Wouldn't be too bad to achieve the same life span!
ggplot(df) + \
geom_histogram(aes(x='age_get_prize'), binwidth=5, boundary=22) + \
ggtitle('Distribution of Nobel Prize Winners Age')
The mean age of winning the Nobel prize is 60 years.
ggplot(df, aes(x='age', y='age_get_prize')) + \
geom_bin2d(aes(paint_a='..count..'), size=.2, color='#08306b', fill_by='paint_a', binwidth=[5, 5]) + \
continuous_color_scale() + \
facet_grid(x='gender') + \
ggtitle('Common Distribution of Death Age and Getting the Prize Age')
This graph confirms our previous conclusions.
ggplot(df) + \
geom_boxplot(aes(x='category', y='age_get_prize', paint_a='category'), fill_by='paint_a') + \
facet_grid(x='gender') + \
discrete_color_scale() + \
ggtitle('Aggregated Information About Age by Category and Gender')
If we consider the categories, the mean age would be different. In many cases, physicists were relatively young when they achieved success, but economists tended to win the prize in slightly older age. For women, higher scatter in graph data could be explained by smaller sampling.
ggplot(df, aes(x='year', y='age_get_prize')) + \
geom_point(aes(paint_a='gender'), color_by='paint_a') + \
geom_smooth(method='loess', color='black') + \
scale_x_continuous(breaks=decades, labels=[str(d) for d in decades]) + \
discrete_color_scale() + \
ggtitle('Distribution of Ages by Years')
Here we also see that the mean age when Nobel laureates receive their prize is rising over time.

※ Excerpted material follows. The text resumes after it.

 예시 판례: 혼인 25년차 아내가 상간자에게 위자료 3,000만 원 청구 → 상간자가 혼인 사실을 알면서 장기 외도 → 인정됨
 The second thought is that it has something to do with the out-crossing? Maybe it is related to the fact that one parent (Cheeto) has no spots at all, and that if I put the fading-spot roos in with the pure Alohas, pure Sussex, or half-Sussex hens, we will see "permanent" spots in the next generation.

ggplot(df, aes(x='year', y='age_get_prize')) + \
geom_point(aes(paint_a='gender'), color_by='paint_a') + \
geom_smooth(method='loess', color='black') + \
scale_x_continuous(breaks=decades, labels=[str(d) for d in decades]) + \
facet_grid(y='category') + \
discrete_color_scale() + \
ggtitle('Category Wise Distribution of Ages by Years')
Taking categories into account, we realize that the mean age doesn't always increase. It could even decrease in the case of the peace prize. For literature or economics, things don't change.
N = 20
p1 = ggplot(df.sort_values(by='age_get_prize', ascending=False)[:N]) + \
geom_bar(aes(x='fullname', y='age_get_prize', paint_a='gender'), fill_by='paint_a', stat='identity') + \
discrete_color_scale() + \
ggtitle('Top {0} Oldest Nobel Prize Laureates'.format(N))

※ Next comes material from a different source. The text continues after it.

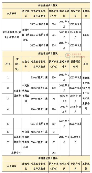从《公示》中获悉,中天钢铁拟在南通市海门港新区新建3座炼铁高炉,换算产能606万吨,新建3座炼钢转炉,换算产能585万吨。拟开工时间为2020年9月,置换方案具体内容整理如下:
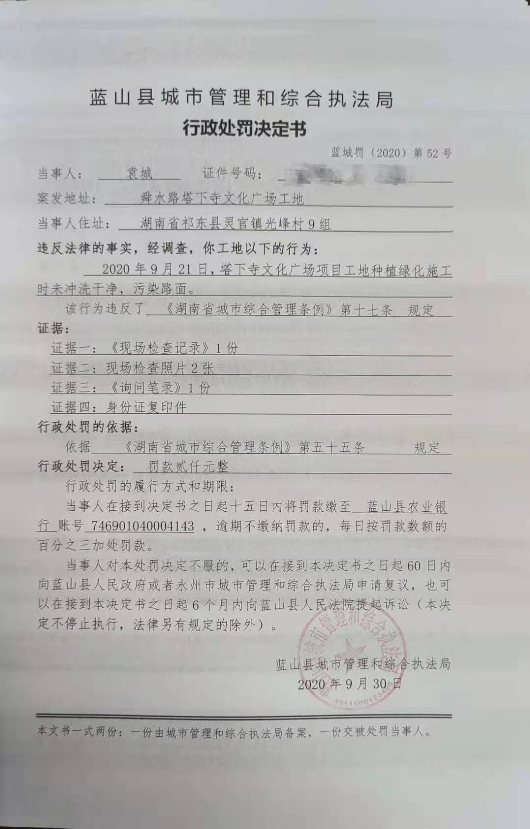 关于塔下寺文化广场项目工地种植绿化施工时未冲洗干净,污染路面的处罚

p2 = ggplot(df.sort_values(by='age_get_prize', ascending=False)[-N:]) + \
geom_bar(aes(x='fullname', y='age_get_prize', paint_a='gender'), fill_by='paint_a', stat='identity') + \
discrete_color_scale() + \
ggtitle('Top {0} Youngest Nobel Prize Laureates'.format(N))
bunch = GGBunch()
bunch.add_plot(p1, 0, 0, 400, 300)
bunch.add_plot(p2, 400, 0, 400, 300)
bunch.show()
Finally we take a look at the oldest and youngest people who got the prize.

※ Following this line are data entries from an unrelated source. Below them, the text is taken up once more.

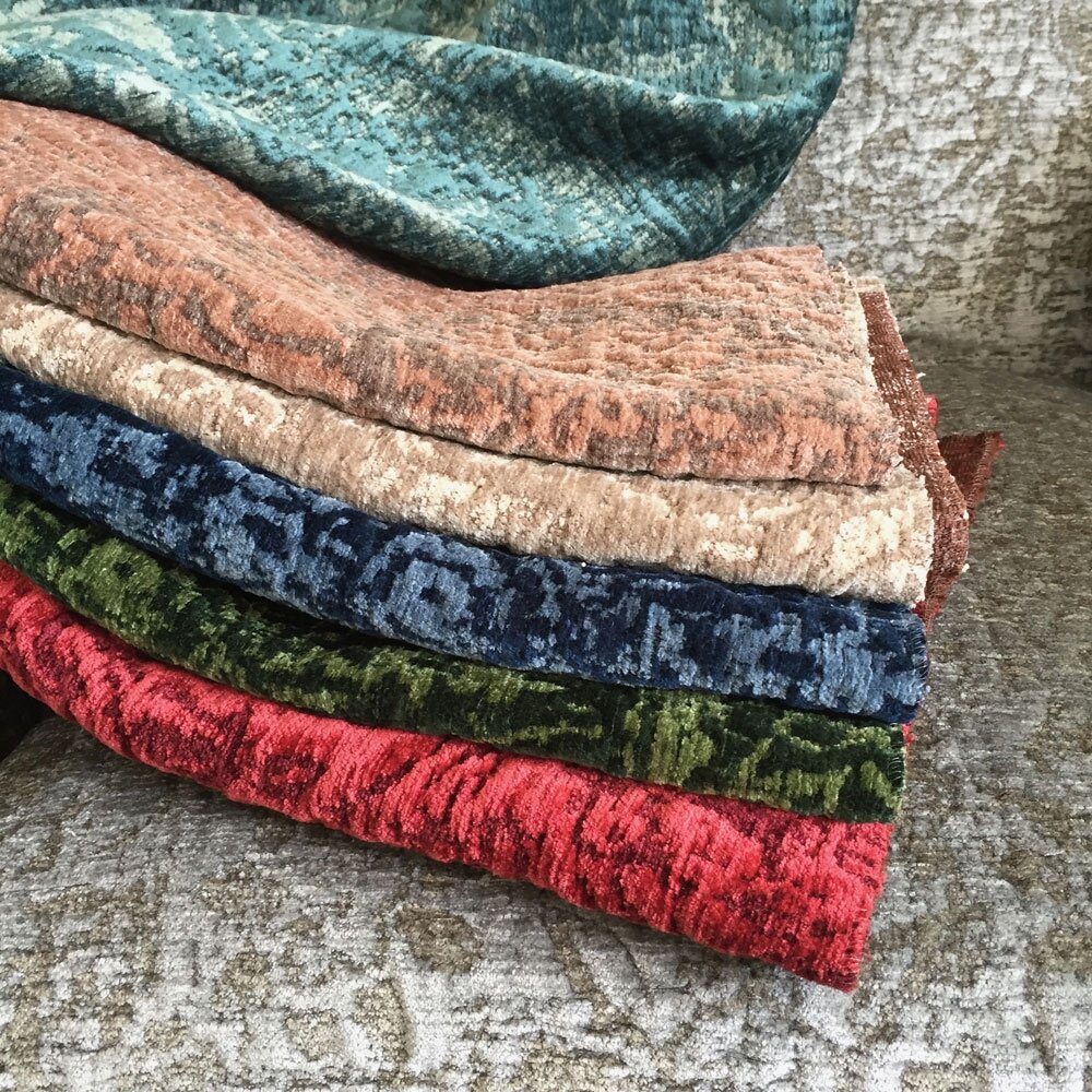 Sumptuous and opulent chenille weave with subtle medallion design in softly rippling relief.
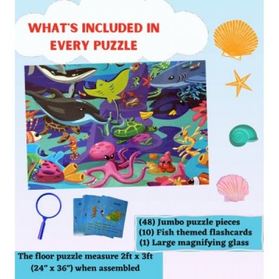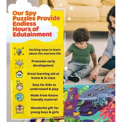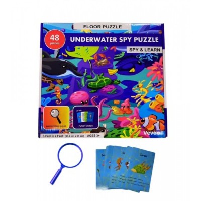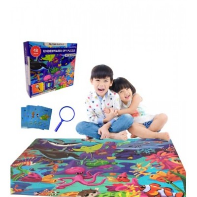 Underwater Spy Puzzle with Flashcards and Magnifying Glass 2ft x 3ft - Large 48 Piece Floor Puzzle for Kids Ages 4-8 Years Old- Kids Puzzles - Educational Gift for Boys and Girls 3,4,5,6,7,8…
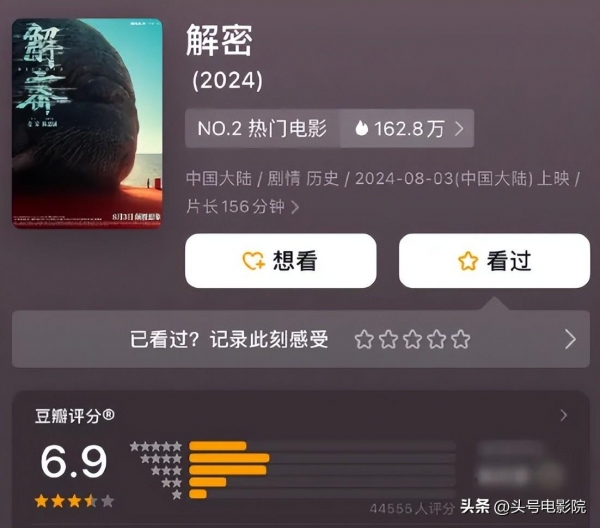 但现在《解密》上映9天,票房还不到3亿,排片已经降到10%以下,注定血亏。
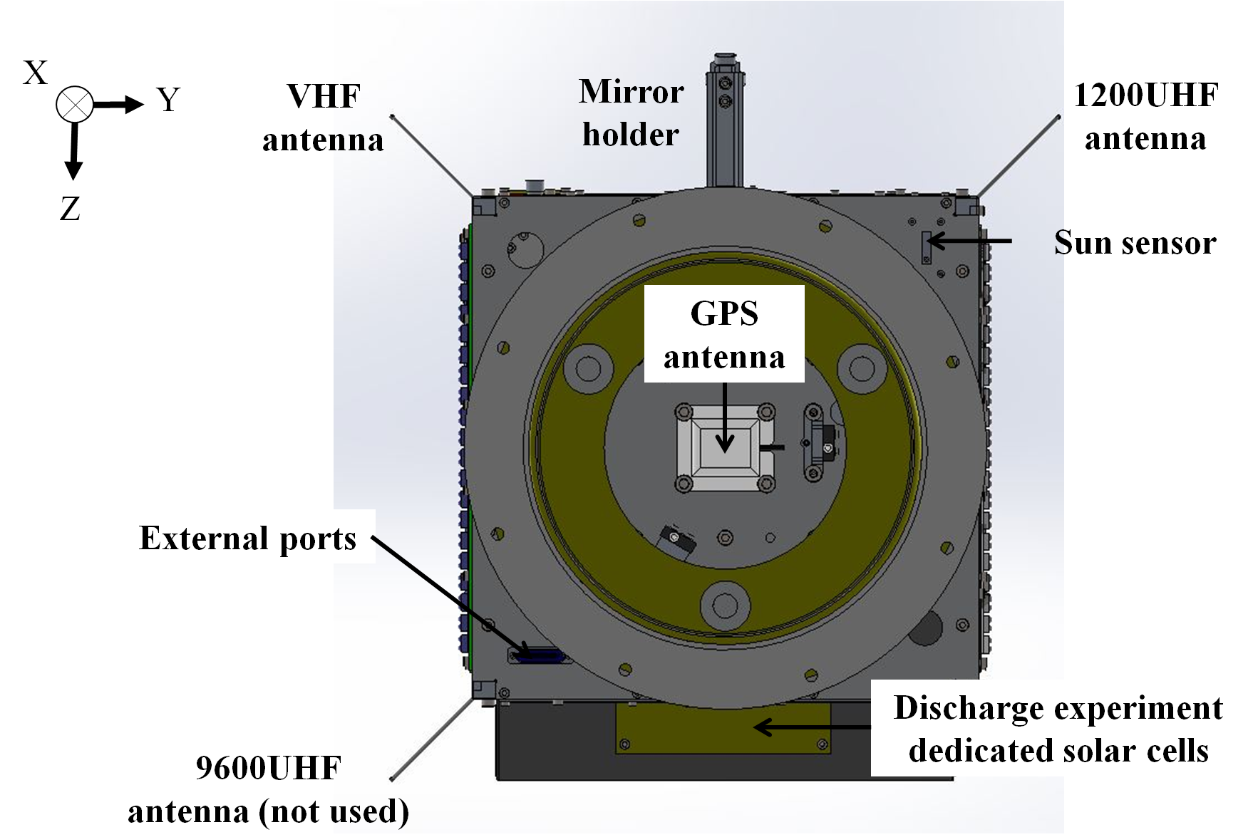 The UHF antennas, the VHF antenna, and the arm holding the mirror are fixed, which makes HORYU-IV a deployment-free nano-satellite.
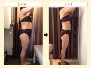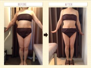 お腹はもちろんですが、足もぴったりくっついていたお肉がなくなってとても細くなりすらっとしたシルエットに変わっています☆

multiple_laureates = list({k: v for k, v in (df.fullname.value_counts() > 1).items() if v}.keys())
ggplot(df[df.fullname.isin(multiple_laureates)]) + \
geom_point(aes(x='year', y='fullname', paint_a='category', \
shape='gender', size='age_get_prize'), \
color_by='paint_a', fill_by='paint_a',
alpha=.5, tooltips=layer_tooltips().line('@fullname').line('year get prize|@year')\
.line('prize category|@category')\
.line('prize share|1/@prize_share')\
.line('university|@name_of_university')
.line('@|@gender').line('prize winning age|@age_get_prize')\
.line('age at death|@age')\
.line('born country|@born_country')\
.line('died country|@died_country')) + \
scale_x_continuous(breaks=decades, labels=[str(d) for d in decades]) + \
discrete_color_scale() + \
scale_shape_manual(values=[24, 25]) + scale_size(name='prize winning age', range=[4, 8]) + \
ggsize(600, 400) + ggtitle('Laureates Who Won Nobel Prize More Than Once') + \
theme(legend_position='bottom', axis_title_y='blank', axis_tooltip='blank')
By now, there are four people who have received the prize more than once. One of them is a woman. Also she is the only one who moved to a different country. Two of them changed categories in which they achieved the results.
The first case was in 1903 and the last one in 1980.
Look at the graph and you will find out even more fascinating details about these people.